Your output should be the lines from the one containing "Pisuar Geberit Felix, dopływ" through the last line below, both ends included, exactly as written and free of pictures.
---*---
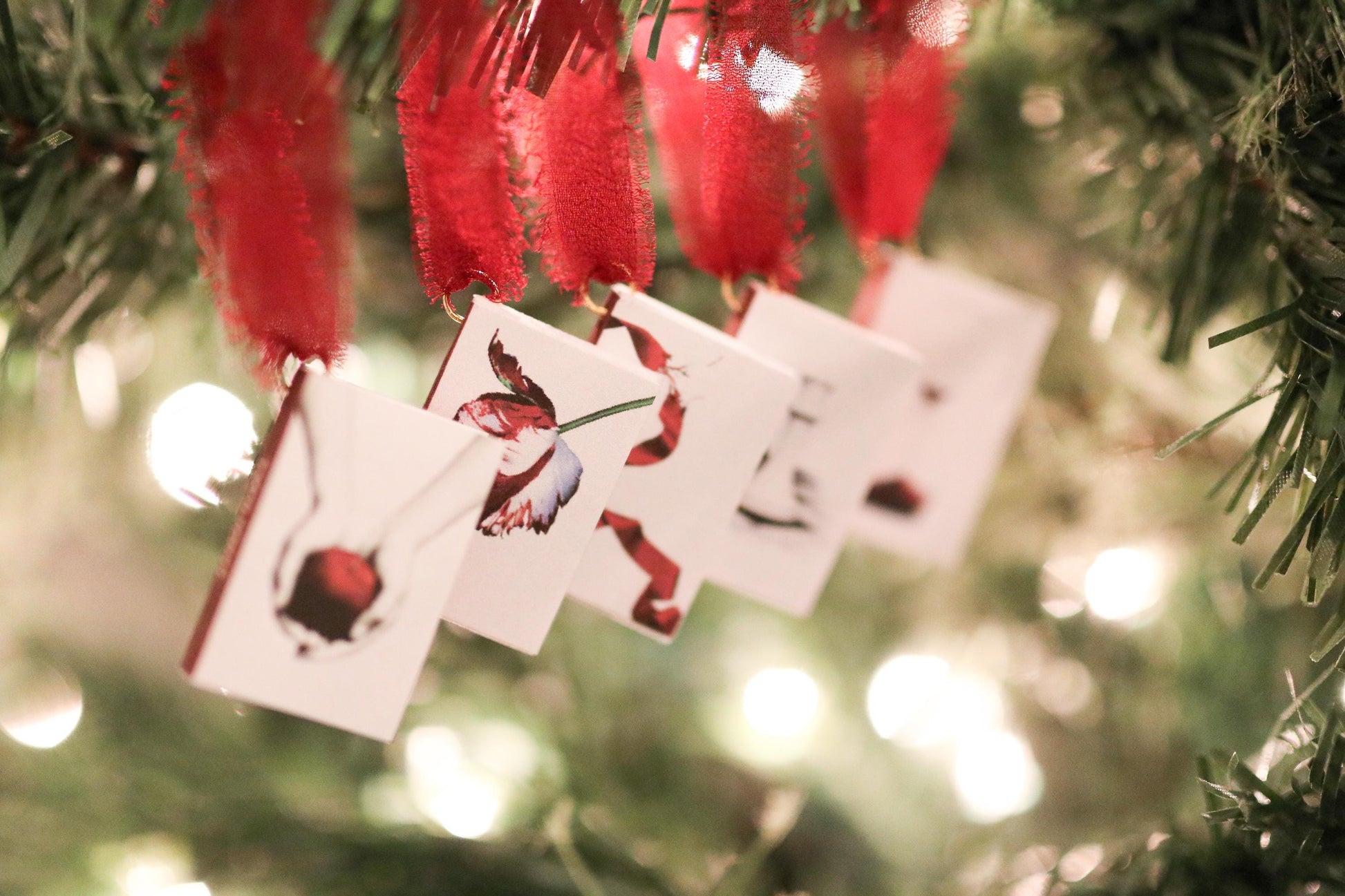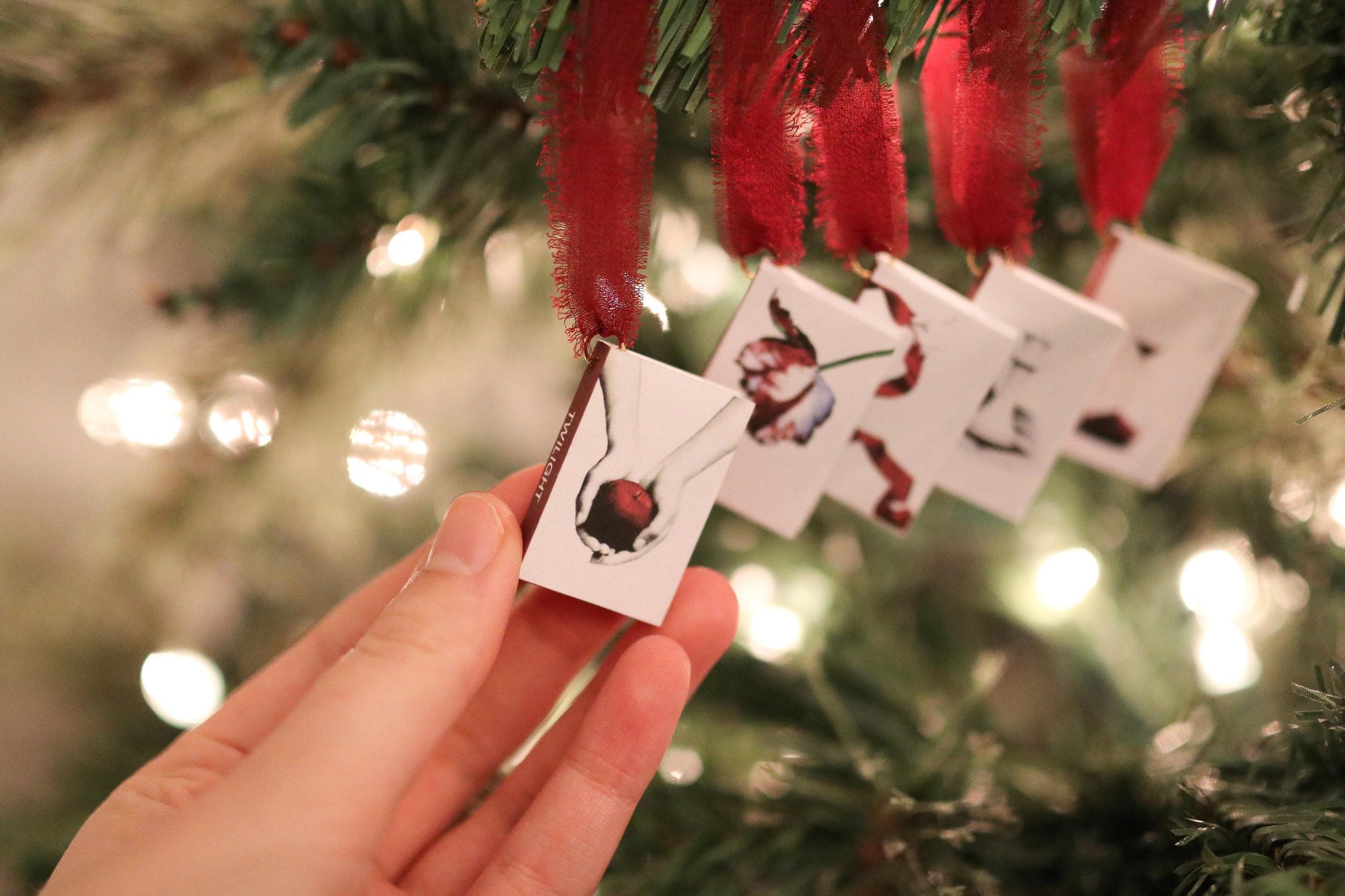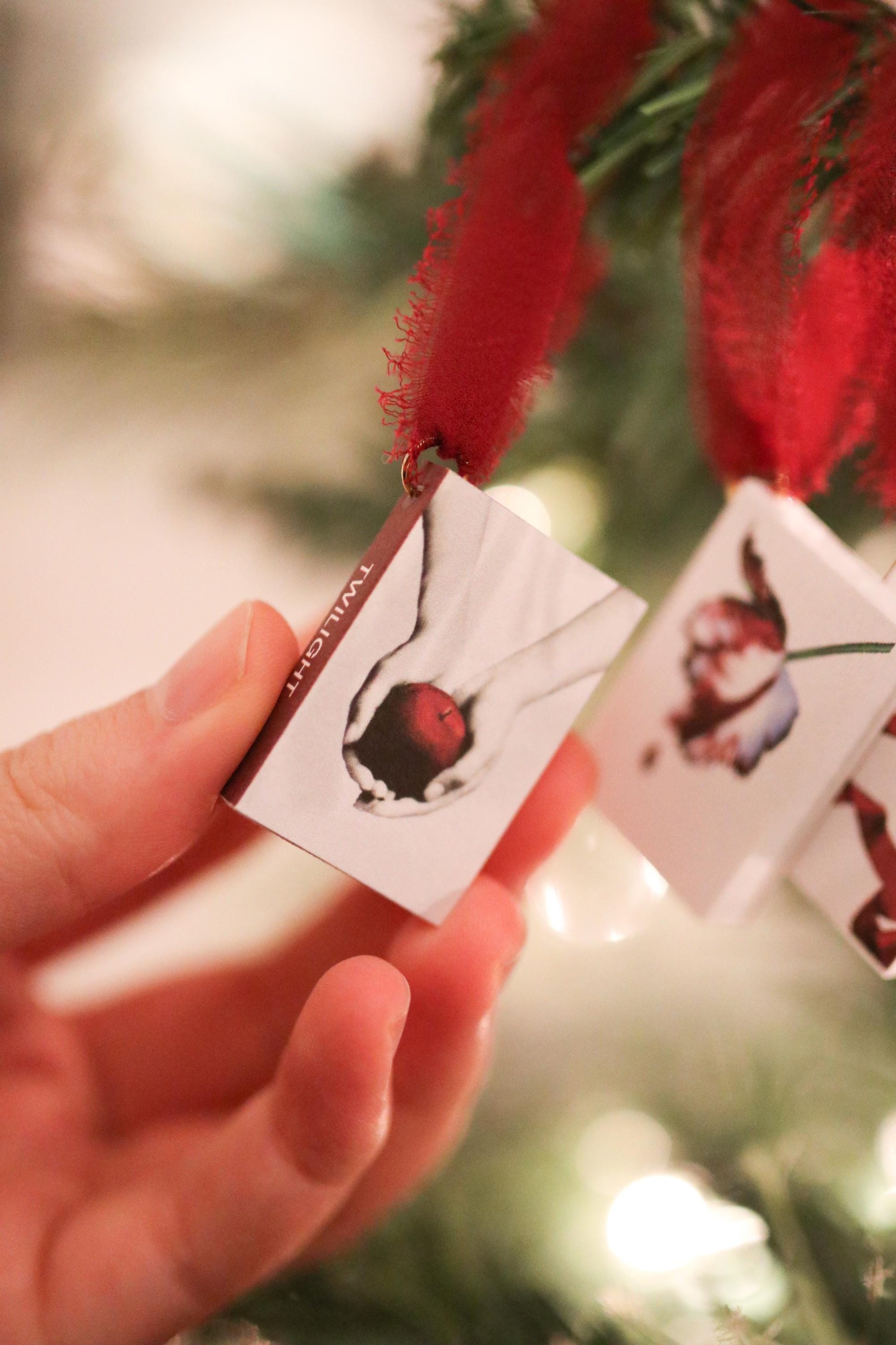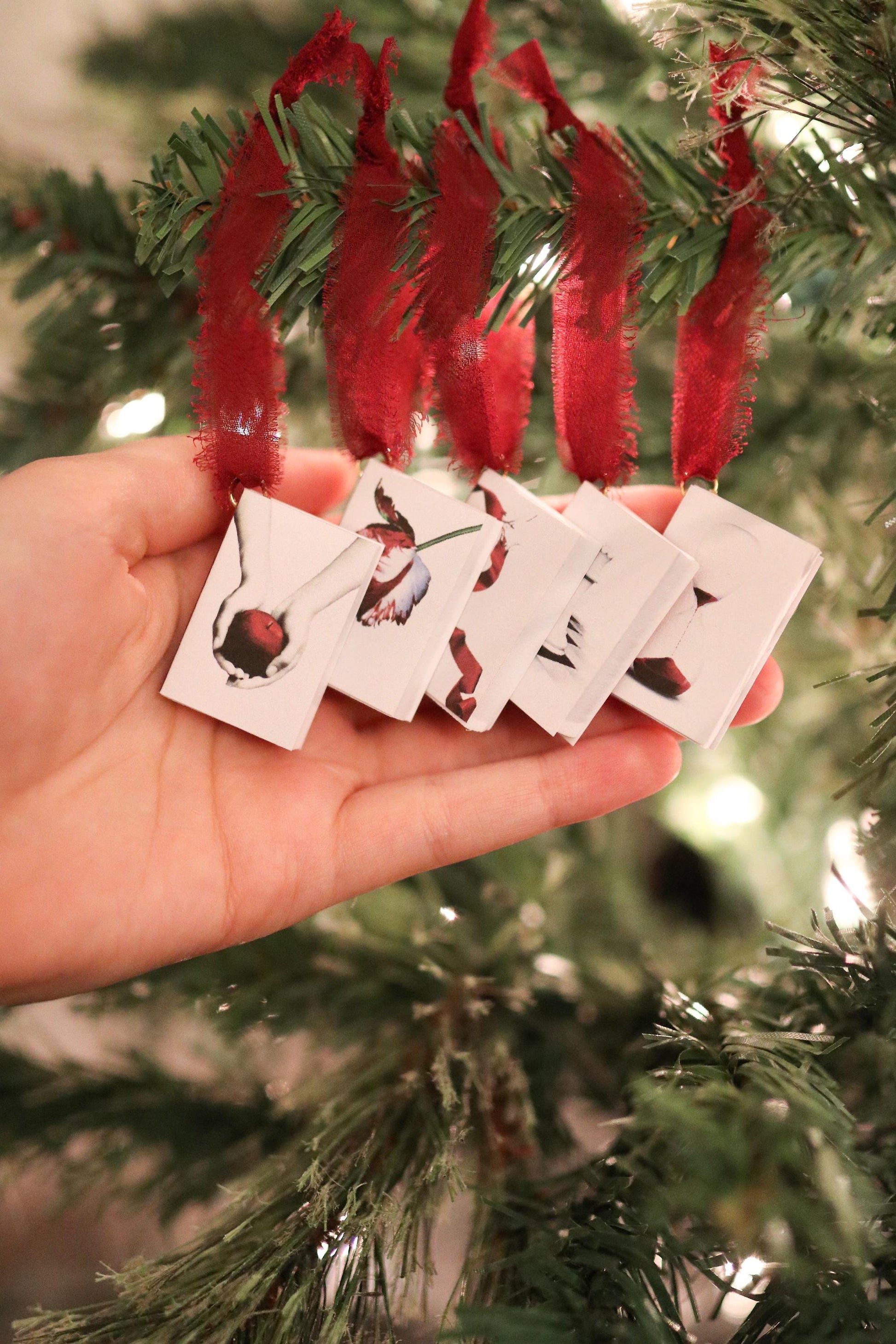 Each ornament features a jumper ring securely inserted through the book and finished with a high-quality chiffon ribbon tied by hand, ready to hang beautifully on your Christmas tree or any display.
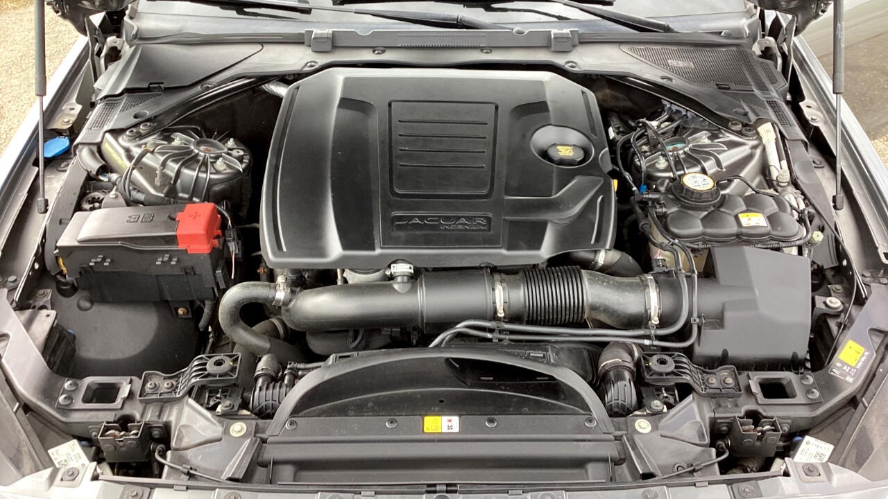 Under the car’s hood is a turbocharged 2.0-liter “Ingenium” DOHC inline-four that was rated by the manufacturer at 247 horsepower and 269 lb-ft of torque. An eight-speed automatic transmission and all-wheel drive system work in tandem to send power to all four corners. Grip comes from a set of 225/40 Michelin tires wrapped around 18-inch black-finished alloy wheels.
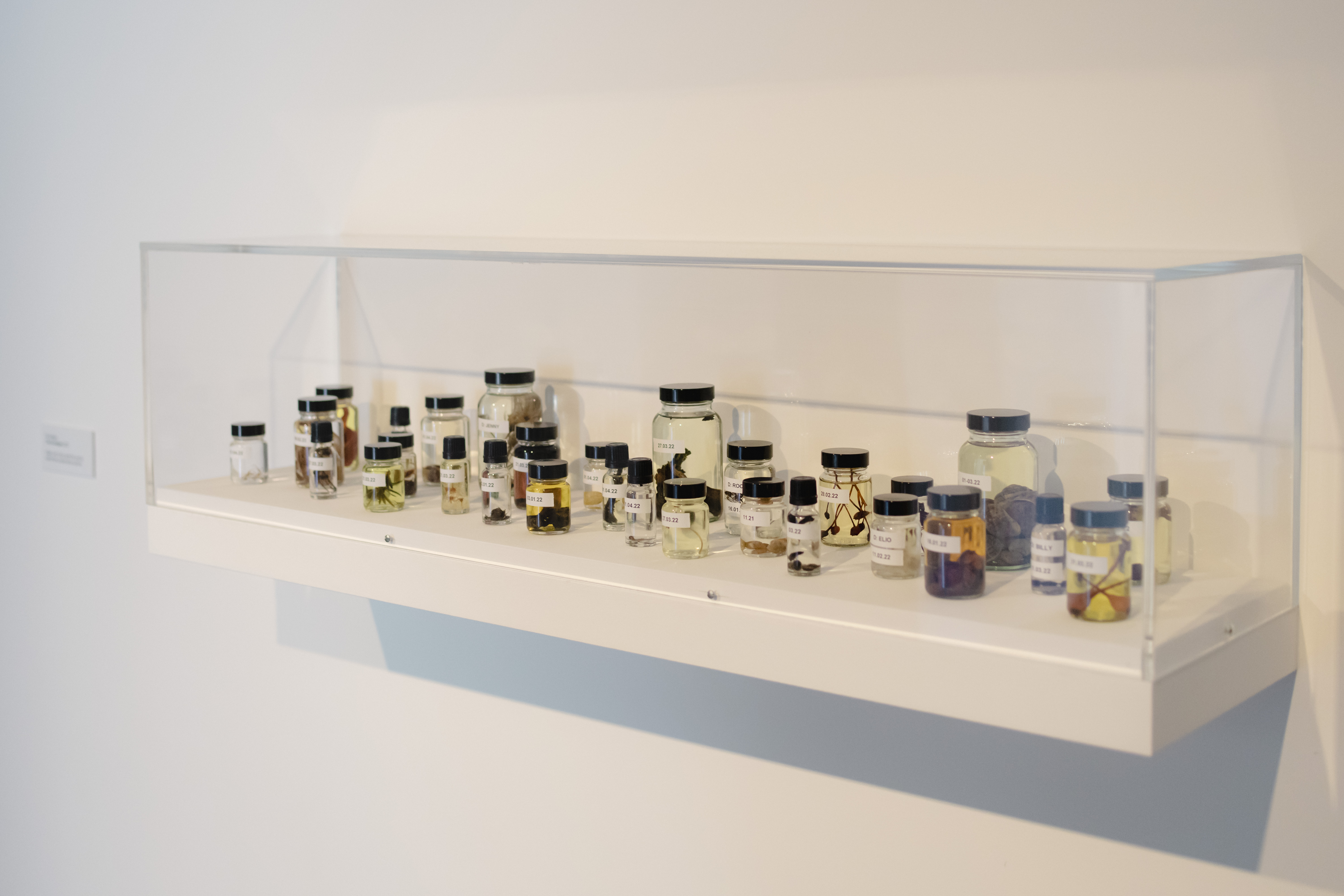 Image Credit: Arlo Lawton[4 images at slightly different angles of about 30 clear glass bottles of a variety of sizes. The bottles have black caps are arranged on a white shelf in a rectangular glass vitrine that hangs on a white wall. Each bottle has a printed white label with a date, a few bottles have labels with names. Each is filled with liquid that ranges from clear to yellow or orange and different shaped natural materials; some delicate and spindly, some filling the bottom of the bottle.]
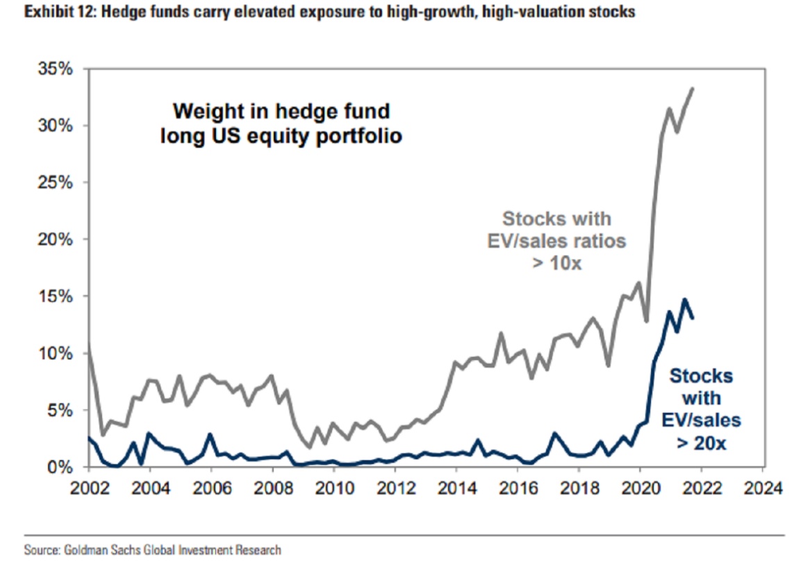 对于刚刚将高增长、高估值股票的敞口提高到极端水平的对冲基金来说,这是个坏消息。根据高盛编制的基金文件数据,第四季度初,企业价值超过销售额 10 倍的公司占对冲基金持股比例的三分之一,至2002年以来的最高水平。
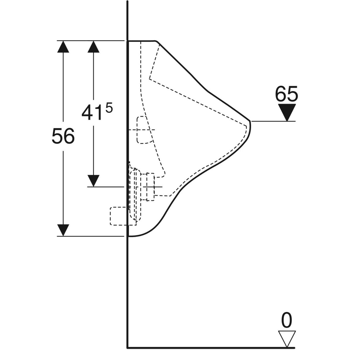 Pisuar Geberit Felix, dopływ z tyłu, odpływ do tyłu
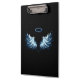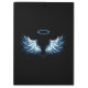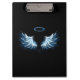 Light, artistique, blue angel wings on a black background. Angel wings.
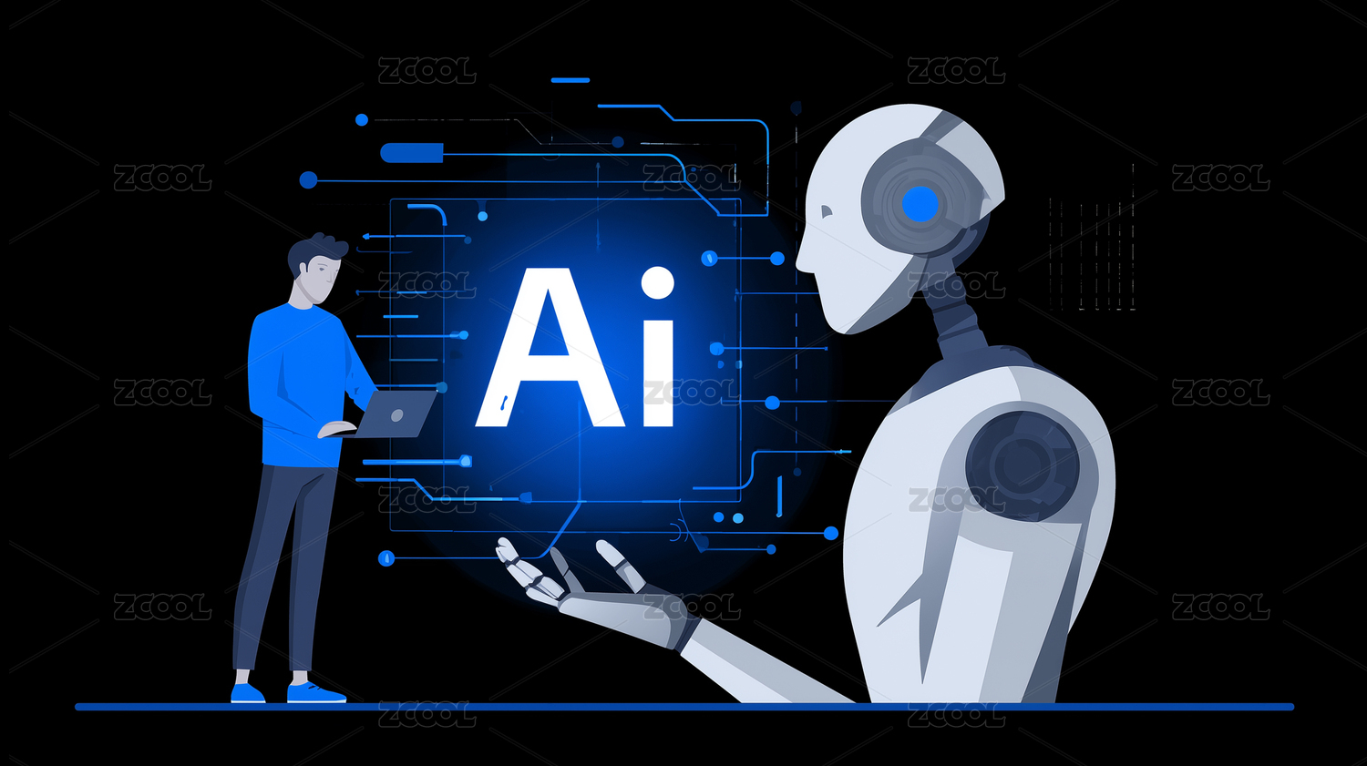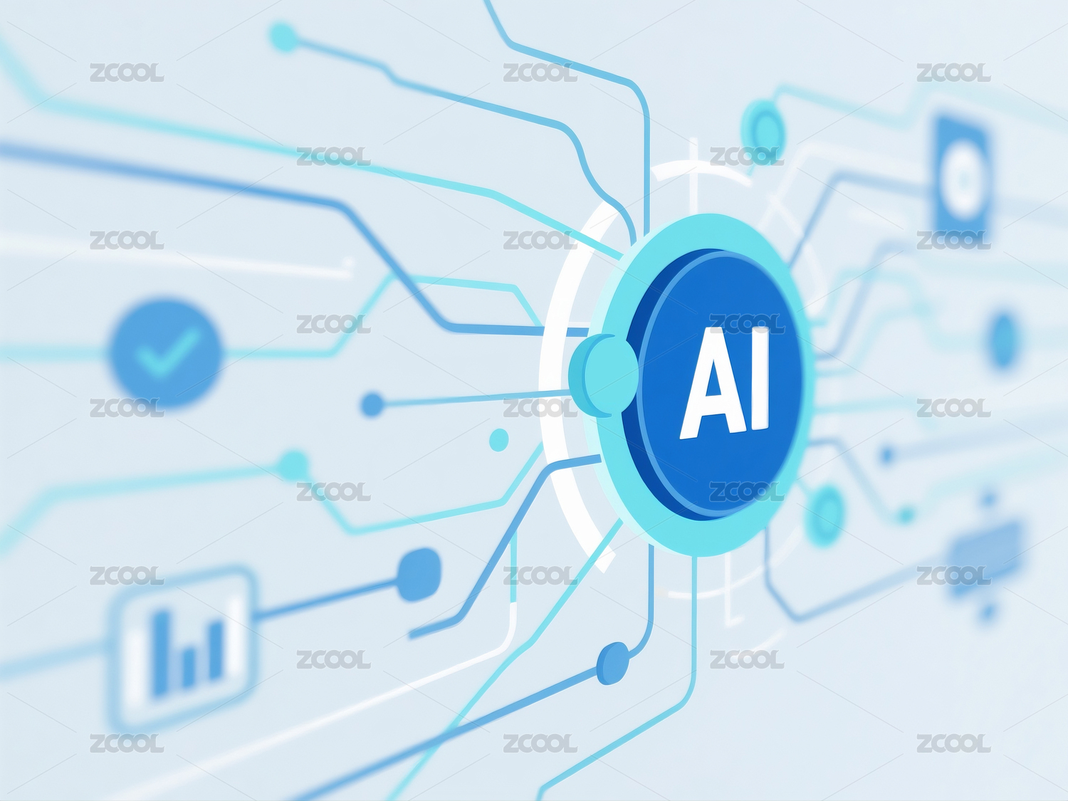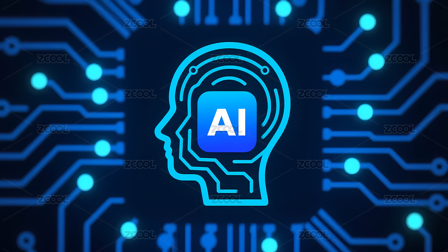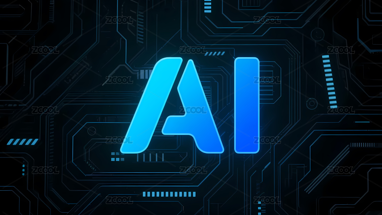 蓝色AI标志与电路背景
---*---
Written response:
 Pisuar Geberit Felix, dopływ z tyłu, odpływ do tyłu
 Light, artistique, blue angel wings on a black background. Angel wings.
 蓝色AI标志与电路背景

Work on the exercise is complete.